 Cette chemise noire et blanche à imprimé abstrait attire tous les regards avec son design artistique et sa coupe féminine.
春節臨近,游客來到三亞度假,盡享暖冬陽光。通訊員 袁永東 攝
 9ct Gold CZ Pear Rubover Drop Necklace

--

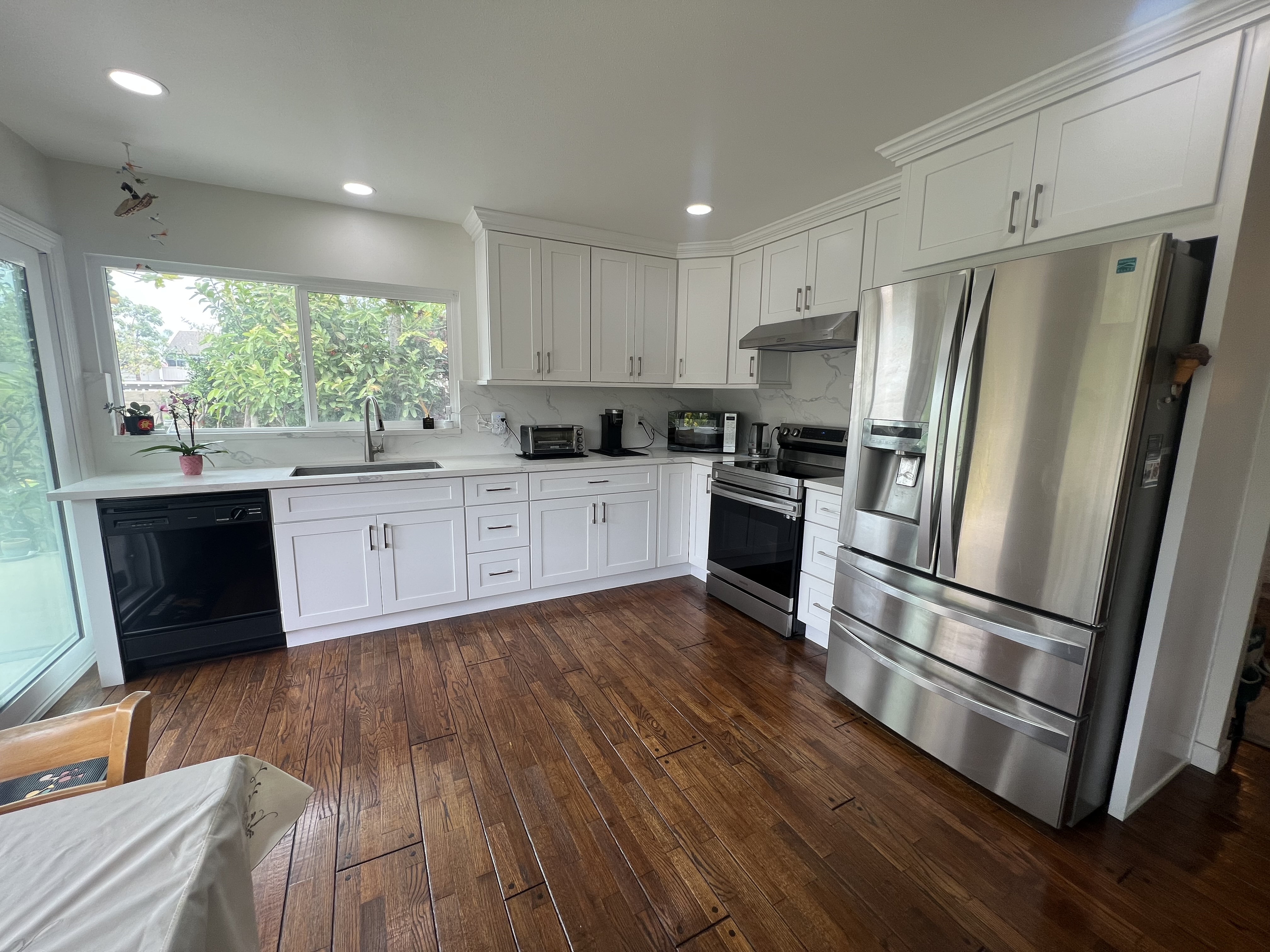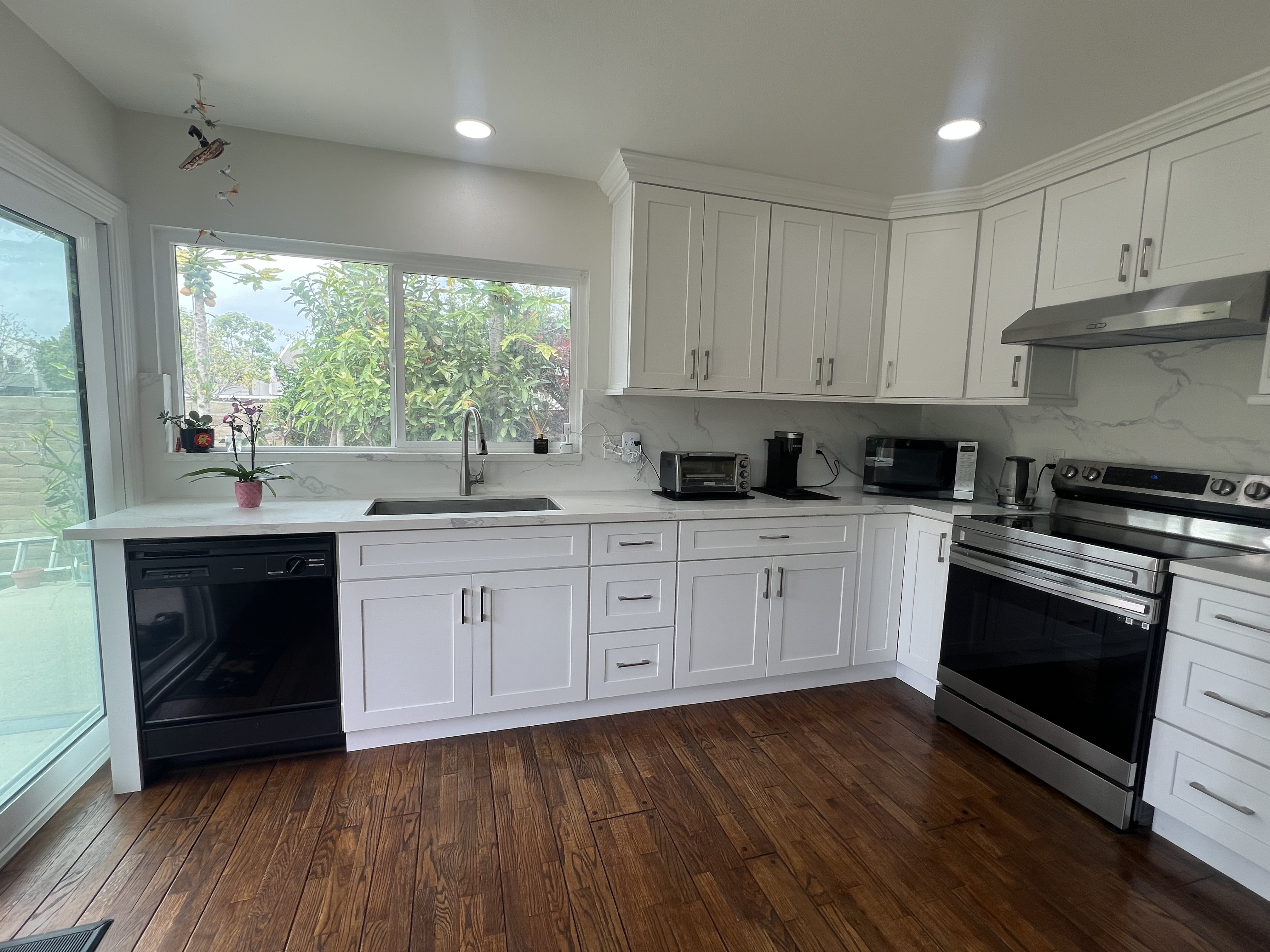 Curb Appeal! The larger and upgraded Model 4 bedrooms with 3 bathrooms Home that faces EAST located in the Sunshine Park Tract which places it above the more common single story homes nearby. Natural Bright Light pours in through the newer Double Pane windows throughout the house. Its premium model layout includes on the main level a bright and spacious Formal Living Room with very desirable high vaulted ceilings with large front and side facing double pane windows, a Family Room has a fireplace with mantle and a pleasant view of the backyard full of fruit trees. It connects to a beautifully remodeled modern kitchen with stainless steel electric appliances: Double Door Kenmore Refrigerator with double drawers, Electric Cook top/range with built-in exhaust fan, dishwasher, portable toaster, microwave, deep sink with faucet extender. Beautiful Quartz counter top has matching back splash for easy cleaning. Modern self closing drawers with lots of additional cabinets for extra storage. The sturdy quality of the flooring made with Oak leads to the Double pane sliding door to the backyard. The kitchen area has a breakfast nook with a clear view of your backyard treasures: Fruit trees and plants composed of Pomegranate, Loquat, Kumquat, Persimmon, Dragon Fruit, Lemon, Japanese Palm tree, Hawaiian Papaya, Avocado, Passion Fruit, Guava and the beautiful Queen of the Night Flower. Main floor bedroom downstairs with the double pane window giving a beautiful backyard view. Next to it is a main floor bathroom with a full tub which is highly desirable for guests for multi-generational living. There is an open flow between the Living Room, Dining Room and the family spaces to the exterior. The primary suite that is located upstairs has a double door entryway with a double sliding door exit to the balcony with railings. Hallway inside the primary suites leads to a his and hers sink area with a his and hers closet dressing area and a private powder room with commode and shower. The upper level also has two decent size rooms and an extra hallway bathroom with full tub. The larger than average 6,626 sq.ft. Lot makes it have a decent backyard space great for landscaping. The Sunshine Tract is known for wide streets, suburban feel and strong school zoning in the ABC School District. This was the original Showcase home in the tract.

» **Exercise requirements**
Within the material above, the line with "Cette chemise noire" opens the range and the line with "9ct Gold CZ Pear Rubover Drop Necklace" closes it; reproduce that range word for word.

» **Response**
 Cette chemise noire et blanche à imprimé abstrait attire tous les regards avec son design artistique et sa coupe féminine.
春節臨近,游客來到三亞度假,盡享暖冬陽光。通訊員 袁永東 攝
 9ct Gold CZ Pear Rubover Drop Necklace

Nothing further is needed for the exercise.